人食いバクテリアという呼び名は、厳密には正しくない。細菌は人の肉を食らうのではなく、毒素を出して、それが組織を液状化させる。医学的には「壊死性筋膜炎」と呼ばれる。米国疾病予防管理センター(CDC)によると、米国では年間およそ1000件の症例が報告されているが、実際にはもっと多いとも言われている。(参考記事:「脳を食べる病原性アメーバ、鼻から侵入」)
これはいったいどんな菌なのだろうか。対策はないのか。現在までにわかっていることを以下に紹介する。
人食いバクテリアの正体
壊死性筋膜炎を引き起こす劇症型の細菌は数種類いる。なかでも最も一般的なのはA群連鎖球菌である。実は、私たちの身の回りに普通に存在する菌だ。人間の喉にもよく生息しており、普段は何の害も及ぼさないが、時に咽頭炎やしょう紅熱を引き起こし、組織を壊死させることもある。(参考記事:「電子顕微鏡で見た連鎖球菌」)

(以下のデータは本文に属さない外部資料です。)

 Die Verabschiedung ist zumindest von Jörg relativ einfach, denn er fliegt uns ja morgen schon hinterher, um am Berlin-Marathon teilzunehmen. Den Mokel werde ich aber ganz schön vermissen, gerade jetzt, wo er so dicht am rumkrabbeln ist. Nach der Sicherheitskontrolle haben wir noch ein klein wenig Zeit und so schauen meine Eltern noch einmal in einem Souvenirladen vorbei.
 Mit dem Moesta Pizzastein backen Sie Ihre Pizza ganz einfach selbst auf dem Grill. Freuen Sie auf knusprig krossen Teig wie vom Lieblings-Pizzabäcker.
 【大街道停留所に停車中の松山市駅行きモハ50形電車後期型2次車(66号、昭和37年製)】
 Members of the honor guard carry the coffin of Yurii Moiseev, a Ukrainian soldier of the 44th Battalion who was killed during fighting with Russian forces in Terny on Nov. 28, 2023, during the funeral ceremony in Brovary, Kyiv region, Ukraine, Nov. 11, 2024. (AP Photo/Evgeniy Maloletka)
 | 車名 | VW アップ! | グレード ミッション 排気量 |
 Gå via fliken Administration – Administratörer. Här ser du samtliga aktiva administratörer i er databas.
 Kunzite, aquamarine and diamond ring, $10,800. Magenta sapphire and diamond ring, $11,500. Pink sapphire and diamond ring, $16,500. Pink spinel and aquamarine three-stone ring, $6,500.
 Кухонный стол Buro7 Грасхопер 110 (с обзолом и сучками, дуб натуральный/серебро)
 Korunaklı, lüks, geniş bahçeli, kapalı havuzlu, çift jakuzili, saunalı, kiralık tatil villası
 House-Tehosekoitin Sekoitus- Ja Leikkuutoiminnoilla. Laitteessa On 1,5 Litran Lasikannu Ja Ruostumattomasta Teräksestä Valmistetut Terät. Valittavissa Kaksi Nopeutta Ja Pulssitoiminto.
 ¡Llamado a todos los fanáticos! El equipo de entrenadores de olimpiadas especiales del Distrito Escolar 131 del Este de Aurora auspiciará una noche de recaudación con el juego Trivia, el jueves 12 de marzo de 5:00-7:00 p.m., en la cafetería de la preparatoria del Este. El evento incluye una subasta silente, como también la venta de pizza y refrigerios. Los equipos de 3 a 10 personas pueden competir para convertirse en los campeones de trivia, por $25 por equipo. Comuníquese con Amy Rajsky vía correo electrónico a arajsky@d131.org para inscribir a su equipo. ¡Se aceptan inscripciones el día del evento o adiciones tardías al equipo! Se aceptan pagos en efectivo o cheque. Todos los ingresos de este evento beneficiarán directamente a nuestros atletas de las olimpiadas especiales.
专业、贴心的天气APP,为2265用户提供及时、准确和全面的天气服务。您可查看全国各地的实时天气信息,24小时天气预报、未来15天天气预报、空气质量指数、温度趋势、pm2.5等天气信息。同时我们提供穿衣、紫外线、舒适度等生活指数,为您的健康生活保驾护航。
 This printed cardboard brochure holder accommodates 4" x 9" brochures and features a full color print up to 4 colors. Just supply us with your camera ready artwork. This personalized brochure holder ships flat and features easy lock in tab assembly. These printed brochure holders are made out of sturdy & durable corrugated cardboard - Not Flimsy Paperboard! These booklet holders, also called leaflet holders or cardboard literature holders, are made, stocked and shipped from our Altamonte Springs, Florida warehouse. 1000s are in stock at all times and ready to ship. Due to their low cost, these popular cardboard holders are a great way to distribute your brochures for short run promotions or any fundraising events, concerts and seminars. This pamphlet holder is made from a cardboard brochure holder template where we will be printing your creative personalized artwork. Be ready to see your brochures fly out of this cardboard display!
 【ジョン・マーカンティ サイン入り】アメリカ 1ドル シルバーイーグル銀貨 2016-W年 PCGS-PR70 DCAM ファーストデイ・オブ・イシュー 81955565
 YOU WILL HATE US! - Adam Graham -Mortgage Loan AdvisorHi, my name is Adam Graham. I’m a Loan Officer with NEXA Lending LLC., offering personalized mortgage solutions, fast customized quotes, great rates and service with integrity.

2014年に、A群連鎖球菌のゲノムの塩基配列が決定されると、細菌には過去数十年の間に4段階の変化が起こり、その結果より伝染力の強い病原菌が生まれたことがわかった。特に、別々のウイルスに2度感染したことによって、細菌は病気を引き起こしやすいウイルスの遺伝子を併せ持つようになった。(参考記事:「無害の細菌が急速に“人食い”へ進化」)
どのようにして体の中へ入り込むのか
「ほとんどの場合、どこかに入り口があるはずです。切り傷があると、細菌はそこから皮膚の下深くまで潜り込めますが、トゲや針先による小さな傷口や、虫刺されの跡も侵入経路になります」。米バンダービルト大学医療センターの感染症専門医で、連鎖球菌の研究を数十年間続けているウィリアム・シャフナー氏はそのように説明する。だが、侵入口が見つけられない場合もあるので、まったく傷のない皮膚でも、細菌は通過できるのかもしれない。(参考記事:「小さな細菌の世界」)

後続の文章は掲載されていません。